An Act to establish procedures for the registration of investment securities in the Republic and for matters connected therewith. [This Act was formerly Ch. 2 under this Title. [Section numbering style modified to conform to new Code format Rev. 2003.][This Act was formerly Ch.1 of Title 18, is recodified to this Title]


Source: TTC 1966
71 TTC 1970
COM P.L. 4C-15 (1972)
71 TTC 1980


§101. Short title.


This Chapter may be cited as the "Securities and Investment Act." [Note: Section 1 has been added to conform to the new Code format of this Revised Code.]


§102. Interpretations.


When used in this Chapter, unless the context otherwise requires:


(a) "Issuer" means any person who issues or proposes to issue any security, except that:


(i) with respect to certificates of deposit, voting-trust certificates, or collateral-trust certificates of interest or shares in an unincorporated investment trust not having a board of directors or persons performing similar functions or of the fixed, restricted management, or unit type, the term "issuer" means the person or persons performing the acts and assuming the duties or depositor or manager pursuant to the provisions of the trust or other agreement or instrument under which the security is issued; and


(ii) with respect to certificates of interest or participation in oil, gas or mining titles or leases or in payments out of production under such titles or leases, there is not considered to be any "issuer".
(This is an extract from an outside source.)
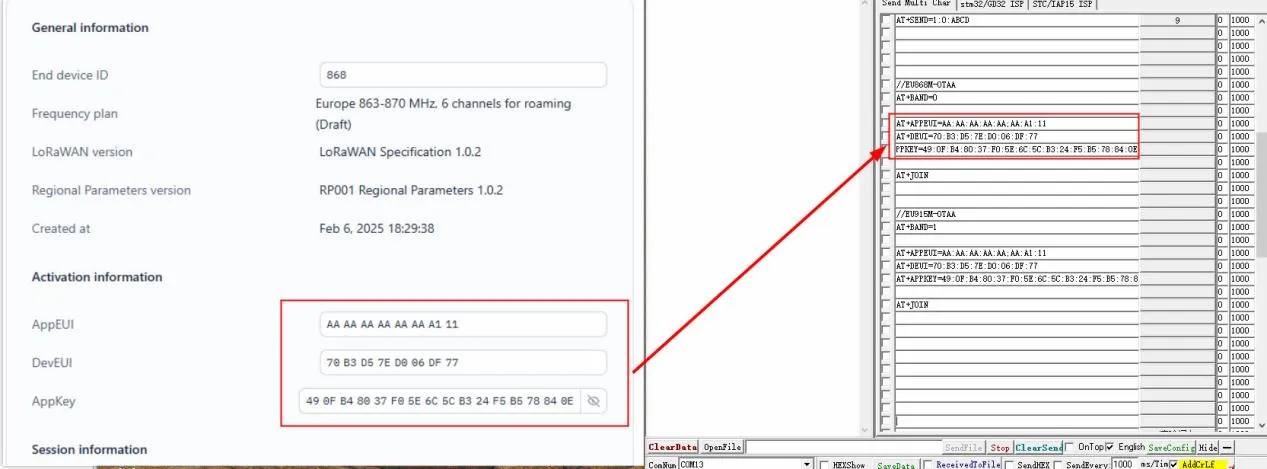 (2)Configuration steps for the node to access the single-channel gateway (send AT commands)

(b) "person" means an individual, a corporation, a partnership, an association, a join-stock company, a trust where the interests of the beneficiaries are evidenced by a security, an unincorporated organization, a government, or a political subdivision of a government;


(c) "sale or sell" means every contract of sale or disposition of a security or interest in a security, for value;


(d) "security" means any note, stock, treasury stock, bond, debenture, evidence of indebtedness, certificate of interest or participation in any profit-sharing agreement, collateral-trust certificate, pre-organization certificate or subscription, transferable share, investment contract, voting trust certificate, certificate of deposit for a security, certificate of interest or participation in an oil, gas, or mining title or lease or in payments out of production under such a title or lease, or, in general, any interest or instrument commonly known as a "security", or any certificate of interest or participation in, temporary or interim certificate for, receipt for, guarantee of or warrant or right to subscribe to or purchase, any contract under which an insurance company promises to pay a fixed sum of money either in a lump sum or periodically for life or for some other specific period. [71 TTC 1970, §8; 71 TTC 1980, §8, modified.]


§103. Registration required.


It shall be unlawful for any person, directly or indirectly, to issue, sell, exchange or transfer any security, as defined in Section 102 of this Chapter, in the Republic unless or until such security has been registered with the Registrar of Corporations and approval of the registered security has been granted by the Cabinet. [71 TTC 1970, §1; 71 TTC 1980, §1, modified.]


§104. Method of registration.


Any security may be registered by filing a registration statement signed by each issuer, its principal executive officer or officers and the majority of its board of directors or persons performing similar functions, and in case the issuer is a non-citizen, by its duly authorized representative in the Republic; provided, that in the case of a security issued by a foreign government, the statement may be signed by the underwriter of such security. [71 TTC 1970, §2; 71 TTC 1980; §2, modified.]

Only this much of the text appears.